Spark, based in Sydney, only owns 49 percent of its three regulated electricity distributors with more than 1.8 million customers. Companies controlled by Asia’s richest man, Li Ka-shing, own the rest, according to Spark’s website.

“It would be attractive to a passive investor,” Johnston said. “It would have to be very much aligned” with how Li’s Cheung Kong Group operates the assets, he said.

State Grid said in an e-mail that it’s drawn to Australia’s “stable regulatory environment, high quality assets and attractive commercial environment.” It declined to comment on other potential acquisitions. Representatives for Spark, Duet and SP AusNet declined to comment.

GrainCorp Blocked

The approval of the SP AusNet investment came after Australian Treasurer Hockey in November blocked a $2 billion takeover of GrainCorp Ltd. by U.S.-based Archer-Daniels-Midland Co. He said that foreign control of the local grain handler wasn’t in the national interest.

There’s little threat to Australia from a Chinese owner of SP AusNet, Duet or Spark, said Adrian Atkins, an analyst at Morningstar Inc. in Sydney.

“The regulator is so heavily involved, setting the tariffs and also ensuring they perform well,” he said by phone. “There’s not much a foreign investor could do to hurt the country.”

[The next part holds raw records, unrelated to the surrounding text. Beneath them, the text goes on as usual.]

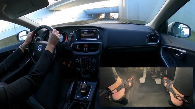✳️DRIVING HIGHWAY🛣 COUNTRY ROADS🏞 leatherpants black high heeled sandals manual Volvo V40 Car ASMR
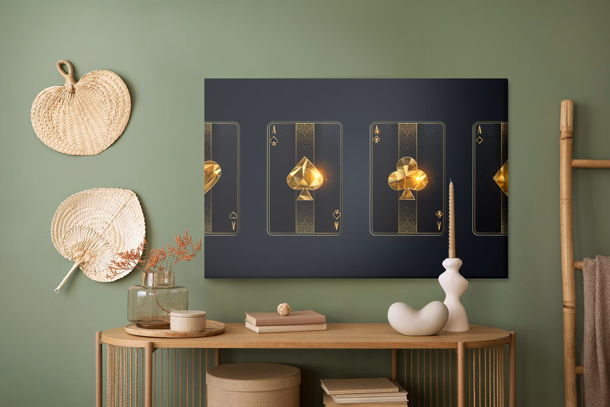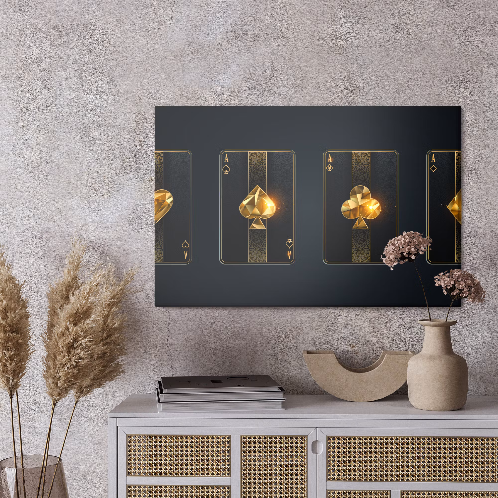 Motivet Black poker cards förenar estetik och teknik i en harmonisk komposition, där färgtonerna är noggrant balanserade för att framhäva djup, kontrast och rytm utan att kännas skarpa. Canvasen är monterad på en stabil fururam för ett professionellt uttryck som håller över tid. Resultatet är en canvastavla som förmedlar lugn och riktning – oavsett om den hänger i vardagsrum, sovrum eller kontor. Ljuset i motivet skapar mjuka övergångar och ger en känsla av stillhet i rummet.
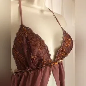 Victorias’s Secret Lingerie Top Medium And Lace G String Thong Maroon Baby Doll
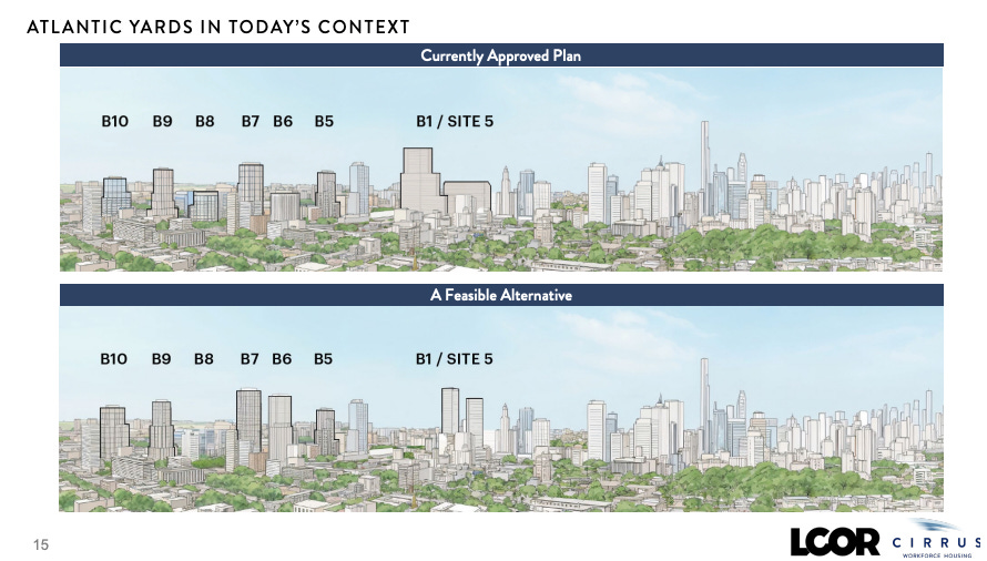 In the slide above, first released publicly at the Nov. 18 workshop on height and density, the developers purportedly contrast the Currently Approved Plan, with six towers planned over the Metropolitan Transportation Authority’s Vanderbilt Yard, with a Feasible Alternative, with only five towers.
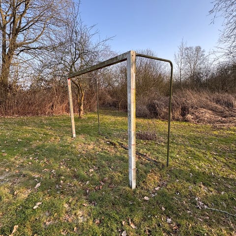 Fodboldmål 2 stk - enkelte knækkede plastikrør imellem
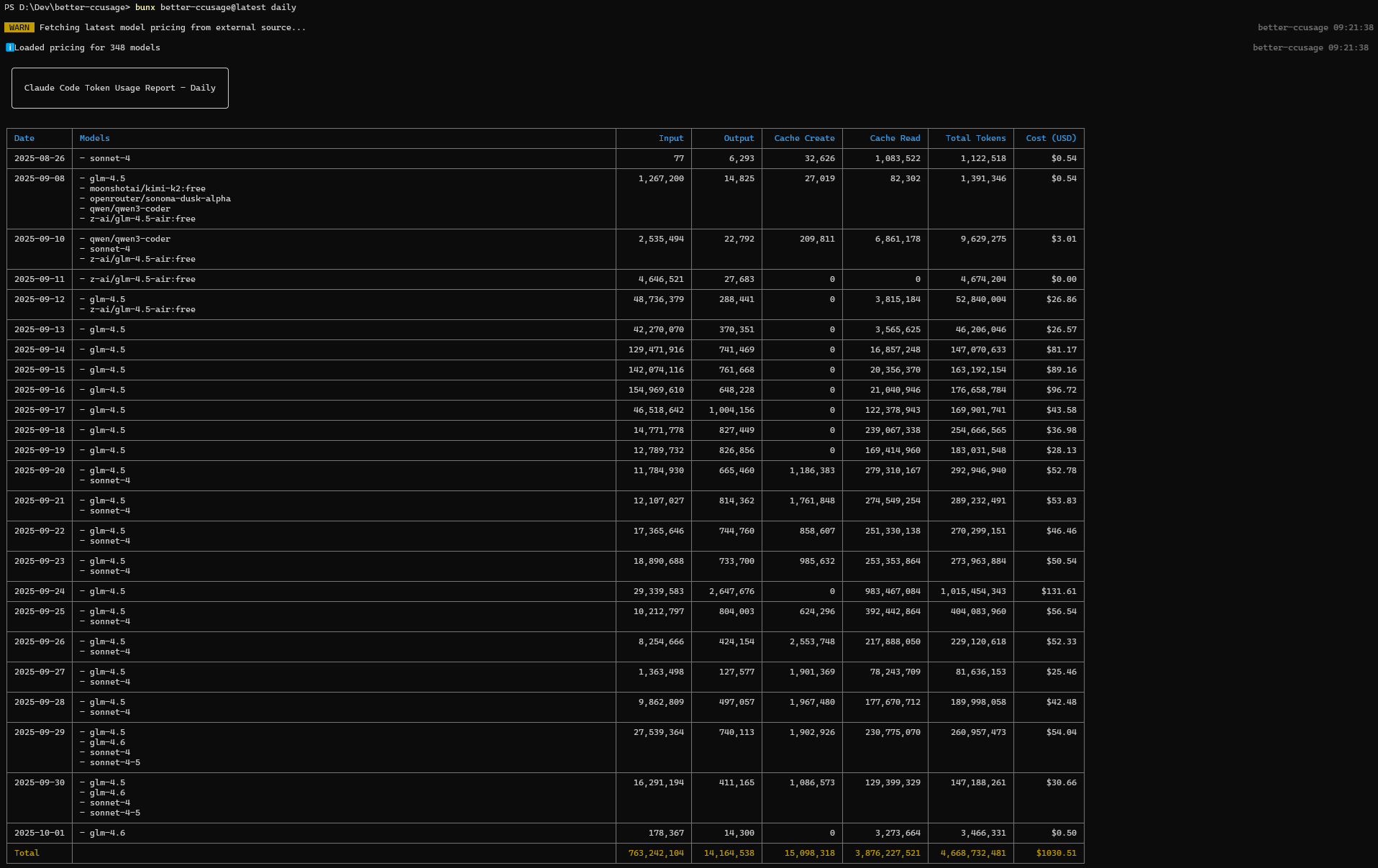 bunx better-ccusage

In China, State Grid’s revenue is largely capped as the government uses power prices as a tool to keep inflation in check. The government makes every decision from on-grid power tariffs to retail prices, and State Grid is only left with a fixed margin in transmission.

Utility Returns

Compared to publicly-traded utility companies in Asia with market values higher than $5 billion and for which data is available for return on invested capital, closely held State Grid has a lower return than every company aside from Korea Gas Corp. Among the listed companies, the average return is 8.8 percent, according to the most recent data compiled by Bloomberg.

“If you don’t determine how much you get paid and you have to pay for the cost of the goods, there’s not a lot you can do to maximize profits,” said Jacobelli.

Australian power companies are regulated by the Australian Energy Regulator, which determines how much a network operator can charge, usually over a five-year period. That process, where the regulator stipulates a fair return and a fair cost of debt, makes such assets appealing to a large buyer such as State Grid, according to Atkins at Morningstar.

State Assets

“It makes more sense for these assets to go to big, strong players that can access debt and equity cheaply,” he said.

It’s not just publicly-traded utilities that may appeal to State Grid. Electricity assets owned by Australian state governments also are expected to attract Chinese buyers if they are put up for sale, said Parker at PwC.

New South Wales state may opt to sell networks that carry electricity to homes and businesses -- assets known as poles and wires, David Leitch, a Sydney-based analyst at UBS AG, said in a phone interview. A full sale could bring in as much as A$34.5 billion, Infrastructure Partnerships Australia estimated in 2011.

State Grid is also targeting other nations. It has spent more than $7 billion in overseas acquisitions since 2007, including investments in Brazil and the Philippines, according to estimates by UBS last year.

That doesn’t mean State Grid won’t continue to look for more regulated power investments in Australia, said Atkins at Morningstar.

“It makes sense for big companies like that to buy these kinds of assets,” he said. “They’ve dipped their toe in the water here with SP AusNet.”